* _Problem requirements_: What you return must match the listing word for word.

* _Provided data_:
━━━━━━━━

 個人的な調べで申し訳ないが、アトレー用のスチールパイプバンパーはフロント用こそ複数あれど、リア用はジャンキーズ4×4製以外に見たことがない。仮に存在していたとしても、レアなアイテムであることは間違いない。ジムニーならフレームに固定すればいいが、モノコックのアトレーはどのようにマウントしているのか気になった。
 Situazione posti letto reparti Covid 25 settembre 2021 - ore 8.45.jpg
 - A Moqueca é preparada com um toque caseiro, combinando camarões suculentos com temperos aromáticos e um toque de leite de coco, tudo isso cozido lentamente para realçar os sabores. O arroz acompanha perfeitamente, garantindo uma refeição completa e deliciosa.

━━━━━━━━

* _Exercise response_:
 個人的な調べで申し訳ないが、アトレー用のスチールパイプバンパーはフロント用こそ複数あれど、リア用はジャンキーズ4×4製以外に見たことがない。仮に存在していたとしても、レアなアイテムであることは間違いない。ジムニーならフレームに固定すればいいが、モノコックのアトレーはどのようにマウントしているのか気になった。
 Situazione posti letto reparti Covid 25 settembre 2021 - ore 8.45.jpg
 - A Moqueca é preparada com um toque caseiro, combinando camarões suculentos com temperos aromáticos e um toque de leite de coco, tudo isso cozido lentamente para realçar os sabores. O arroz acompanha perfeitamente, garantindo uma refeição completa e deliciosa.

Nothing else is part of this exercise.